Despite the previous reports, The Times should have been more persistent in seeking comment from the military. A more thorough examination of previous articles in The Times and other newspapers would have shown that in 2004 military investigators named another man as the one on the box, raising suspicions about Mr. Qaissi's claim.
The Times also overstated the conviction with which representatives of Human Rights Watch and Amnesty International expressed their view of whether Mr. Qaissi was the man in the photograph. While they said he could well be that man, they did not say they believed he was.
Here's the Washington Post account of the fiasco, which is not behind a registration firewall.

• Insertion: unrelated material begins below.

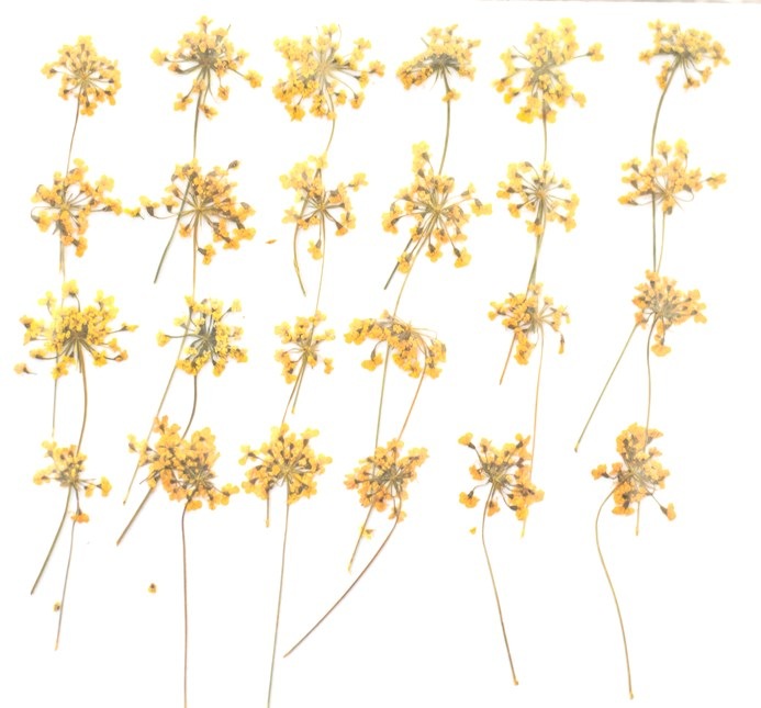 1-202HY 押し花 レースフラワー柄付 黄色染め 24輪
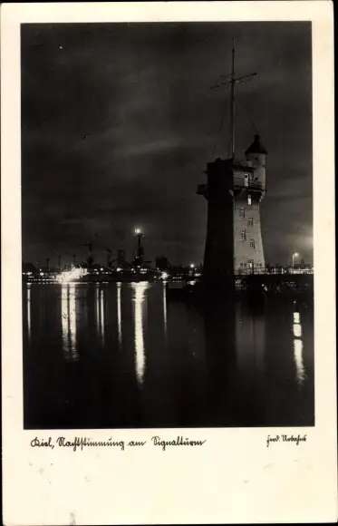 Ak Hansestadt Kiel, Nachtstimmung am Signalturm

It was a dramatic front-page story to match an infamous photo: the chilling shot of an Abu Ghraib prisoner, hooded, standing on a box, electrical wires attached to his outstretched arms. ... But after questions were raised by the online magazine Salon, the Times acknowledged last night that the story was flat wrong. The prisoner in the photograph was not Qaissi, who has belatedly admitted that to the newspaper.
The Post article suggests that the Army had already told the NYT that their alleged man in the hood wasn't the right one, but the NYT proceeded on the strength of assurances from Amnesty International.
The Army, however, says that only one man was mistreated that way, a prisoner whom guards nicknamed "The Claw," according to the Times report. ... But the paper said government records made available by Amnesty International show that Qaissi was in U.S. custody at the time and that the organization, along with Human Rights Watch and attorneys involved in a class-action suit over the abuses at Abu Ghraib, "believe that he is the man in the photograph."
Only he wasn't the man in the photograph. The media outlet that did get it right was Salon. Their source? The US Army.
Days after the Times story was published, Salon reported that Qaissi was not the man in the picture and that it was actually "another detainee, named Saad, whose full name is being withheld by Salon to protect his identity." The magazine cited Army documents and confirmation by a spokesman for the Army's Criminal Investigation Command.
What actually happened to the man in the hood is described by the International Herald Tribune:
On May 22, 2004, The Times quoted the testimony of a detainee, Abdou Hussain Saad Faleh: "Then a tall black soldier came and put electrical wires on my fingers and toes and on my penis, and I had a bag over my head. Then he was saying, 'Which switch is on for electricity?'" ... But Chris Grey, a spokesman for the Army's Criminal Investigation Command, said that the military believed that Mr. Faleh had been the only prisoner subjected to the treatment shown in the photo. "To date, and after a very thorough criminal investigation, we have neither credible information, nor reason to believe, that more than one incident of this nature occurred," he said. Mr. Qaissi's lawyer, Ms. Burke, countered, "We do not trust the torturers."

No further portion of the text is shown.